After the MBLR analysis, the relation of age, SARS-CoV-2 infection, AC severity and conservative treatment failure mortality (30 days) in AC stands out. In our model, SARS-CoV-2 infection and conservative treatment failure showed the stronger association with mortality. Overall mortality in AC patients with COVID-19 at admission was 10%, almost threefold in comparison to non-COVID-19 patients (3.5%), but after MBLR, timing of SARS-CoV-2 diagnosis were not significative in mortality odds neither BMI. We must consider the small sample size of diagnosis at admission (n = 30) and hospital-acquired infection (n = 12) group that could lead to a loss of statistical power.

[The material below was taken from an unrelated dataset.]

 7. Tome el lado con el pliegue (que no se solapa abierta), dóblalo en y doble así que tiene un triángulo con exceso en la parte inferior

Based on available evidence, it seems appropriate to avoid or reduce surgical interventions in COVID-19 patients with AC to the essential cases. However, for non-COVID-19 patients with AC, any treatment other than surgery increases hospital stay to 7.5 days compared to 3.9 days (p < 0.001), which contributes, on the one hand, to decreasing the available ICU beds and, on the other hand, to increasing the conservative treatment failure rate which might lead to a necessary PD or late cholecystectomy, with higher complications rate and a new increase in the length of hospital stay.

This paper shows that > 7-day hospital stay increases the odds of SARS-CoV-2 infection by 4.7, CI 95% (1.3–16.6). Longer hospital stay might favour contagion and nosocomial SARS-CoV-2 infection which might be severe and need ICU admission, especially in older patients and with associated comorbidities [21]. We encourage to enhance the preventive measures of health workers in the ward towards non-surgically treated AC patients, to avoid contagion of SARS-CoV-2 during admission. In addition, these patients who are generally unfit for surgery have multiple risk factors for mortality. Some authors warn that age and other risk factors for COVID-19 disease should not be considered sufficient to indicate alternative treatment except for real impracticability conditions for cholecystectomy [22].

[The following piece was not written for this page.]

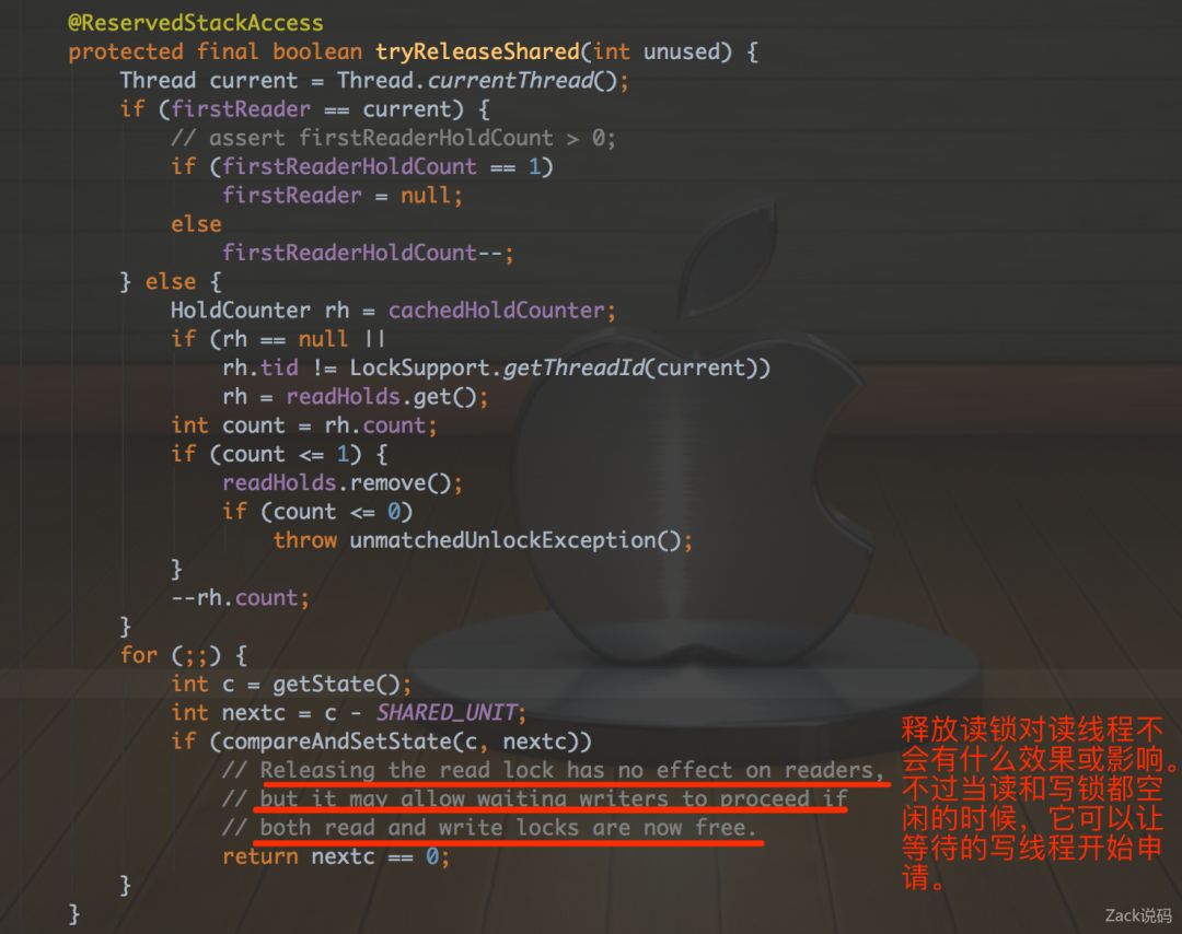 释放读锁,对正在读的线程不会有什么影响,但可以让等待的写线程去开始获取写锁。剩余的内容就是对tryAquireShared()计算的count数值进行释放(自减),如果最终自减为0则释放读锁成功。

We have conducted a multicentre study which allows to obtain the representative sample of the real situation in the Community of Madrid during the pandemic. The main limitation is that it is a combined prospective–retrospective study, where retrospective data were obtained by electronic medical record and the interpretation of these data might suppose a bias. In addition, it has been influenced by interindividual variability in clinical decisions and the high hospital occupation, ICU and operating rooms available at each centre in different phases of the pandemic. The choice of the most appropriate AC treatment by surgeons must be made considering patient characteristics, AC severity, available hospital resources, and the epidemiologic and healthcare centre resources context. Due to the relatively small sample size of COVID-19 group compared with non-COVID-19, this could lead to a type II error.

Conclusions

In our population, during COVID-19 pandemic, there was an increase of non-surgical treatment which was accompanied by an increase of conservative treatment failure, morbidity and hospital stay length which may have led to an increased risk hospital-acquired SARS-CoV-2 infection. Age, SARS-CoV-2 infection, AC severity and conservative treatment failure were mortality risk factors. According to the results obtained, in our health system and in the pandemic context, early cholecystectomy might be carefully and individually assessed as the initial treatment in the absence of SARS-CoV-2 infection to try to reduce the risk of hospital-acquired infection.